Inhibition of activating driver mutations increases the treatment options in AML. Inhibitors of FLT3 mutations, which are now available with various specificity and potency characteristics, have been studied in the context of both mono- and in combination therapy. The addition of TKI to chemotherapy has been shown to increase overall survival and has been approved for newly diagnosed patients [14]. The potential of second generation TKI to induce CR as a low toxicity monotherapy has been tested in relapsed and refractory patients [37, 38]. Second generation FLT3 inhibitors are currently tested in combination to IC and are expected to further improve results in newly diagnosed patients. While clearly being of high interest, this approach is restricted to the 1/3 of all AML patients who have FLT3 mutated disease and often results in resistance or relapse that limit long term remissions. Other targeted therapies such as IDH inhibitors have shown promising results as mono- or combination therapies in phase I and II studies [15,16,17,18].

Meanwhile, the determination of measurable residual disease is enabling quantification and monitoring of the depth of response either by molecular or flow cytometry determination methods. This will allow better evaluation of CR and management of personalized therapy. Reducing treatment related mortality may be another approach to improve outcome of elderly patients with AML.

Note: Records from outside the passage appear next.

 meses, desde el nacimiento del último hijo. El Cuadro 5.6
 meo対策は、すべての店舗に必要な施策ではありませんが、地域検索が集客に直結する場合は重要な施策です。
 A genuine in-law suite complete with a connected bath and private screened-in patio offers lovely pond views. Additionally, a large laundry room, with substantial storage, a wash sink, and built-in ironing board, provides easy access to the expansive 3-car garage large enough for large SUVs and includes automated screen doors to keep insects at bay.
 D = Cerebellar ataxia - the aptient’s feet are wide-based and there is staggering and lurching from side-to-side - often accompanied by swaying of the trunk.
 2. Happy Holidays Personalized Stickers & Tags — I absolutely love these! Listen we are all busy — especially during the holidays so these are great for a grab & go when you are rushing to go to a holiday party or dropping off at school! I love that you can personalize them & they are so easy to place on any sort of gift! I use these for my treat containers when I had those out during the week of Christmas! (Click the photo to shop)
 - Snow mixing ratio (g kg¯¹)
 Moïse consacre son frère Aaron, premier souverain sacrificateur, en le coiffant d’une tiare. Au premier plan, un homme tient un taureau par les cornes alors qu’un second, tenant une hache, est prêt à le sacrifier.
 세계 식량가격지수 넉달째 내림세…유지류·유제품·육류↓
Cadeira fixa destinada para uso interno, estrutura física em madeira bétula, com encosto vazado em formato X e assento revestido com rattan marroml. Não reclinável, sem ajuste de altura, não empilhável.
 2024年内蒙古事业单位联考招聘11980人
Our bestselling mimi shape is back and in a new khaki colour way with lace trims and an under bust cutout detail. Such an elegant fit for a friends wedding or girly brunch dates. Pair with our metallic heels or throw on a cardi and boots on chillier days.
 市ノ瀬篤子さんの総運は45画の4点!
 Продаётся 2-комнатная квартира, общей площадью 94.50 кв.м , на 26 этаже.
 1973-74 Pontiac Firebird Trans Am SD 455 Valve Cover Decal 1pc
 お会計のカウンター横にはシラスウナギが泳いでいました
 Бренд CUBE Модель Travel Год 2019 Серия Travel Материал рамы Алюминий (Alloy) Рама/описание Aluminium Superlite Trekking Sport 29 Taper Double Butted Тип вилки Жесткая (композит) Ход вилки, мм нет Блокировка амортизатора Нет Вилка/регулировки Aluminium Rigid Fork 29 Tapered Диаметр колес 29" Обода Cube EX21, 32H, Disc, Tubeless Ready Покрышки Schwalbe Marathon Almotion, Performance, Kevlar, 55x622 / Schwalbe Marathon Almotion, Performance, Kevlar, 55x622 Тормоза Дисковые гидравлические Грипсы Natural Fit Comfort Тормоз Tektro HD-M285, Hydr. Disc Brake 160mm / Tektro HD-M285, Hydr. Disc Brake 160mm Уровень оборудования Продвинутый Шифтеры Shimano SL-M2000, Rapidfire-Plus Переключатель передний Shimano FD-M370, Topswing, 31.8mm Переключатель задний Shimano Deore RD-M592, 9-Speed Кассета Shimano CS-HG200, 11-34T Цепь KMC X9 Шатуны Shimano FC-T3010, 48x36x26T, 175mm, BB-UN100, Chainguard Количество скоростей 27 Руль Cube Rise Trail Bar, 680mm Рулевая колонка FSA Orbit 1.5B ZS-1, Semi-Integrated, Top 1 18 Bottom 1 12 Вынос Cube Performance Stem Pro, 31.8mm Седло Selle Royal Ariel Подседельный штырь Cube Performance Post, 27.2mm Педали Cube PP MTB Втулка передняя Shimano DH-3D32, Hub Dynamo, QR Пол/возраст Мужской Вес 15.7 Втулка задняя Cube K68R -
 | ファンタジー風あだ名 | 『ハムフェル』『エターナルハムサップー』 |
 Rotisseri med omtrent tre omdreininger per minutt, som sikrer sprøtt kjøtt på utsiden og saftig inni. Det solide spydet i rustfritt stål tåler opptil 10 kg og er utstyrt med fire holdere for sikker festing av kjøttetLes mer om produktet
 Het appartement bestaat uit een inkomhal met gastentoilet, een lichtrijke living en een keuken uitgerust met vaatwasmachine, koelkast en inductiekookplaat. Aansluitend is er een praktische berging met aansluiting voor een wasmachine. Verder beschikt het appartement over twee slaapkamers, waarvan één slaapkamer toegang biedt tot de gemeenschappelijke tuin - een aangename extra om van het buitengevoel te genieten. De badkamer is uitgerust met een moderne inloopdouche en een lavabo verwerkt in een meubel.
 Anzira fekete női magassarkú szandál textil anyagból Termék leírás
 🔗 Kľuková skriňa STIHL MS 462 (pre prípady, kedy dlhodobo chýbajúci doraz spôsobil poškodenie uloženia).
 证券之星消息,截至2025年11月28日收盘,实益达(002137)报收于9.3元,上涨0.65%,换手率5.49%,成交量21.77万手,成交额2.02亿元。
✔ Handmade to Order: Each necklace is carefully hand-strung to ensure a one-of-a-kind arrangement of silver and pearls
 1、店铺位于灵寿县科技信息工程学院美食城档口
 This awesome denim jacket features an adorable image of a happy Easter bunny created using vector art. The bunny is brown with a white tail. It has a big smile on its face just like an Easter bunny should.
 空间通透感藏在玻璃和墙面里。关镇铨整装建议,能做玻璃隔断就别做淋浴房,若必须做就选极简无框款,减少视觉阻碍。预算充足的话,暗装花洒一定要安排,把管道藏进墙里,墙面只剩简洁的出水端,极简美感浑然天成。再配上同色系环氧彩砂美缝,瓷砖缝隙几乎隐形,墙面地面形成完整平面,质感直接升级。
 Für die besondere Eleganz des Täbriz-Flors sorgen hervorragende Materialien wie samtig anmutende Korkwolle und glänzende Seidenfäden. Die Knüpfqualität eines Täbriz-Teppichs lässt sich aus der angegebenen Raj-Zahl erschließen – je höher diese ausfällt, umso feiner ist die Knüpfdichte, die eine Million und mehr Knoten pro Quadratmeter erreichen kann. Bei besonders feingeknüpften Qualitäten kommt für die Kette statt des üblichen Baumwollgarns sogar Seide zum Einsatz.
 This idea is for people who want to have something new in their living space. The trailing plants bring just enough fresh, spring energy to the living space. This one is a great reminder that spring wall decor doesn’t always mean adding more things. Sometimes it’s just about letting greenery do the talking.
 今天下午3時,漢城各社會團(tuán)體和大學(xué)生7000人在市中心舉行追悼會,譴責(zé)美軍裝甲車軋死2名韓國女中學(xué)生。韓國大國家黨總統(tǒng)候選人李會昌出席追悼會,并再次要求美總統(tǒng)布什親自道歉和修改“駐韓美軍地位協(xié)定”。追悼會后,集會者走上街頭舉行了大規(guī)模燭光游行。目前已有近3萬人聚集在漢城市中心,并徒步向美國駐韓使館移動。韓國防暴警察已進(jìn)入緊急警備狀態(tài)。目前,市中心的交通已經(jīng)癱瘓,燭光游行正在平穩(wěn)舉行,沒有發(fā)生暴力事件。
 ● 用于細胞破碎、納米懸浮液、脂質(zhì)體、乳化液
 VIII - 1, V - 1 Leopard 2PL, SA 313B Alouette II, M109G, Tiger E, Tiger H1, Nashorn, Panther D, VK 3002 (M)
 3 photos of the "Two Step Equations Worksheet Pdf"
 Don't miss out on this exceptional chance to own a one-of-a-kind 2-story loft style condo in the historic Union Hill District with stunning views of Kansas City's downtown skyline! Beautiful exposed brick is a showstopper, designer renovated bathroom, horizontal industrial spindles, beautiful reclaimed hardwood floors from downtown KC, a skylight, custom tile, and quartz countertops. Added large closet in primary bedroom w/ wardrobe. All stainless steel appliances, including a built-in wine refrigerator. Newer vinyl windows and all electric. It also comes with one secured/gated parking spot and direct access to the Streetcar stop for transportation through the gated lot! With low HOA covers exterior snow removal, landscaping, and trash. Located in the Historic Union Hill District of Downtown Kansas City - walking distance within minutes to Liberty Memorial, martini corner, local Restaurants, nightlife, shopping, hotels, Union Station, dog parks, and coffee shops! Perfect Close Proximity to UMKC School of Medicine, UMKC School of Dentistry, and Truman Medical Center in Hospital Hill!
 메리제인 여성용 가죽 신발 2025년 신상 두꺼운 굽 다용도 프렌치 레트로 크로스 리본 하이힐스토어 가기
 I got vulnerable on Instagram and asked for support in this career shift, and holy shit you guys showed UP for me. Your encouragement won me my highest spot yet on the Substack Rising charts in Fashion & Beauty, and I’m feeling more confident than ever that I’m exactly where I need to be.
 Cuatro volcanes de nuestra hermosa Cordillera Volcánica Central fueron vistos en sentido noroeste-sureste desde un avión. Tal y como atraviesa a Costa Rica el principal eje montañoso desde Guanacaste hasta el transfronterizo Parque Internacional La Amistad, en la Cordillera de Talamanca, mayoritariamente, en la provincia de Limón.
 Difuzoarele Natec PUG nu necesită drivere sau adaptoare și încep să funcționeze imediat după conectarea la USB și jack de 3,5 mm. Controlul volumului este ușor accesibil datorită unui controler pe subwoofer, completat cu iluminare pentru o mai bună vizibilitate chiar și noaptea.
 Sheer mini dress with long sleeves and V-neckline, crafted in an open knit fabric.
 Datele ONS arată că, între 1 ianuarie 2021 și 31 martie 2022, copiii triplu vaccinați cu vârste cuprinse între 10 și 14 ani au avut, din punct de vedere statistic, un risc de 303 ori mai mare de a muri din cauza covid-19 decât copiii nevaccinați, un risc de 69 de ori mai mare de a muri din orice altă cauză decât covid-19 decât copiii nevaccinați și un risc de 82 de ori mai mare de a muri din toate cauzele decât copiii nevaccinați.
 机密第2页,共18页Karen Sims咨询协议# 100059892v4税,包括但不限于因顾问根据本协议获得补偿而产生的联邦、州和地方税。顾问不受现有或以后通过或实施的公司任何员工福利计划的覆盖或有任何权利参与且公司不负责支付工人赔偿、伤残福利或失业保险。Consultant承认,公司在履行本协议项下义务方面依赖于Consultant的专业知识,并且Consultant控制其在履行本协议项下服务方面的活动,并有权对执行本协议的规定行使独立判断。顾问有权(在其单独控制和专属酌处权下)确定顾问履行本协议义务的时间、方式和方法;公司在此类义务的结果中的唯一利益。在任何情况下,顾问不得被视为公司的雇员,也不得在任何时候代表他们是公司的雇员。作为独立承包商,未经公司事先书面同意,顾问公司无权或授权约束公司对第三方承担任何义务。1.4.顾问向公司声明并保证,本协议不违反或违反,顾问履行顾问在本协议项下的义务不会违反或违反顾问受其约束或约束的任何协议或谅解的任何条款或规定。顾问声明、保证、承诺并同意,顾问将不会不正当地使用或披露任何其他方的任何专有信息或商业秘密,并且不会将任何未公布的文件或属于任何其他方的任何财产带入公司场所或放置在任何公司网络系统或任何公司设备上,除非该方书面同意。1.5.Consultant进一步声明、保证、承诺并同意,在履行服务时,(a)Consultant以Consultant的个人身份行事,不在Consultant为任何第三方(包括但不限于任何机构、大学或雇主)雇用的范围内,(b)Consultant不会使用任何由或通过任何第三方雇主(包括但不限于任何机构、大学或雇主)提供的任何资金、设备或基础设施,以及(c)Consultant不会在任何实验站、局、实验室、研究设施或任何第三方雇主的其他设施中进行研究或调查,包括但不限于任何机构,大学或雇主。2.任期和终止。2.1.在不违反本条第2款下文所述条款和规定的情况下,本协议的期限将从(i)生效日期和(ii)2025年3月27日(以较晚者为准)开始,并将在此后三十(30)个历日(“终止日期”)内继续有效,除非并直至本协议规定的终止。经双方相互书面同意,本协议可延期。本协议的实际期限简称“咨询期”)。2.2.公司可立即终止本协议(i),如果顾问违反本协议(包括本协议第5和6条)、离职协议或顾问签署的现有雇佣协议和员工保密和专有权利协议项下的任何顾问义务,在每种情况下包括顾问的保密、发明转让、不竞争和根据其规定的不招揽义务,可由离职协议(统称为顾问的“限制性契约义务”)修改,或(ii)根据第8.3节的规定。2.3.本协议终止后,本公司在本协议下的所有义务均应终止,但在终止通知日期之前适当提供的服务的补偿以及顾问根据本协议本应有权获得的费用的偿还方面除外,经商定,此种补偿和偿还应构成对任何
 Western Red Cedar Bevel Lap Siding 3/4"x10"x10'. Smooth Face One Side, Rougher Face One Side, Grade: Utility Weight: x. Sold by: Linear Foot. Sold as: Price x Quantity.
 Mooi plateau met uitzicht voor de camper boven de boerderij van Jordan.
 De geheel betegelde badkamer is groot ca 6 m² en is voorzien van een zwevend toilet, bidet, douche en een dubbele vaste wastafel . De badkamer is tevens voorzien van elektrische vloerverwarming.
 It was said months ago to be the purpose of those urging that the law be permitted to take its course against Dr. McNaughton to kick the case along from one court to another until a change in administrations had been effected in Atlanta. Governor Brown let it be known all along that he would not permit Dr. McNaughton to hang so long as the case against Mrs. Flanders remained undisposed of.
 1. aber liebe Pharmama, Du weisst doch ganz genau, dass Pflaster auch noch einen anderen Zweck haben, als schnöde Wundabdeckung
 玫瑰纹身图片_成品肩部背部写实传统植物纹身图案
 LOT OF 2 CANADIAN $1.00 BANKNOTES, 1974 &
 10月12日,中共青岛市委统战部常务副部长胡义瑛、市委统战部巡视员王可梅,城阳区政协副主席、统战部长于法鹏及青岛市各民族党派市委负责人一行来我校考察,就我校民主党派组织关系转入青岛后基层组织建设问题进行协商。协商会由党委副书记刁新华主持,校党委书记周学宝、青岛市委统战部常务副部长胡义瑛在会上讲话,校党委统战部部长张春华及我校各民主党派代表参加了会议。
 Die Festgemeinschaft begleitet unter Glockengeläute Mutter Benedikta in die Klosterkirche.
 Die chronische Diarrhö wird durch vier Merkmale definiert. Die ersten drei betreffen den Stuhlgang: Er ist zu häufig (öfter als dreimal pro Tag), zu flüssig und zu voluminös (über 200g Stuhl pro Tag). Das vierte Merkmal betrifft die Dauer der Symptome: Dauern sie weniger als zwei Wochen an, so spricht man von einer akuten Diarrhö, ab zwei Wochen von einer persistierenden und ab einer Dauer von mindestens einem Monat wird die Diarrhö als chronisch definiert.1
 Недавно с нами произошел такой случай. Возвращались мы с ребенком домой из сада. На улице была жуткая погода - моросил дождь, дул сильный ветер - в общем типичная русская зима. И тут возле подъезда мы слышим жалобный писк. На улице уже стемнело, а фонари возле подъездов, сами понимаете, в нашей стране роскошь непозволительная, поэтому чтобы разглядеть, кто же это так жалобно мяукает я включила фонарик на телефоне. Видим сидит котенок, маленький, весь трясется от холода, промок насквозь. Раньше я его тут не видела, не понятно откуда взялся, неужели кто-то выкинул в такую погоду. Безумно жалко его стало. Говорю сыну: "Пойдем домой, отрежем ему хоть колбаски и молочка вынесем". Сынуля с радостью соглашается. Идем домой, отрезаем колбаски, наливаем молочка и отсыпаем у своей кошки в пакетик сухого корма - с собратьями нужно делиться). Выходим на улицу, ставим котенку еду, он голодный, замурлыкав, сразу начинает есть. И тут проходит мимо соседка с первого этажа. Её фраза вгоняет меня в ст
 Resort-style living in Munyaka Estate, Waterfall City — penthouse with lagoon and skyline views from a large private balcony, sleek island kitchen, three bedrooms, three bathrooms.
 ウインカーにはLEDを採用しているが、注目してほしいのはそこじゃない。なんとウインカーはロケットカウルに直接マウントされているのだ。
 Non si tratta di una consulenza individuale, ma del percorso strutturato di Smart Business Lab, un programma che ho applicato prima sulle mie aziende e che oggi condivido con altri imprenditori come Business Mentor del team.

Finally, the use of HSCT following reduced or non-myeloablative conditioning to decrease the relapse risk is another promising approach. Such protocols have been successfully established in patients up to 75 years and older [39,40,41]. Other consolidation or maintenance therapies including immunological concepts to eradicate the malignant stem cell or clones are being investigated.

In conclusion, more intensive treatment strategies did not show clinically relevant outcome differences when compared to CSA, but an overall long-term improvement compared to previous publications in patients ≥ 60 years with newly diagnosed AML. Intensive chemotherapy remains the backbone for long term survival. The outcome of this clinical trial provides an important contribution for the selection of IC to be used in combination with targeted or new treatment modalities in future studies involving treatment naive AML patients. In addition, it proves that an innovative trial design, like in our study, may help answering important clinical questions without hampering study group specific questions.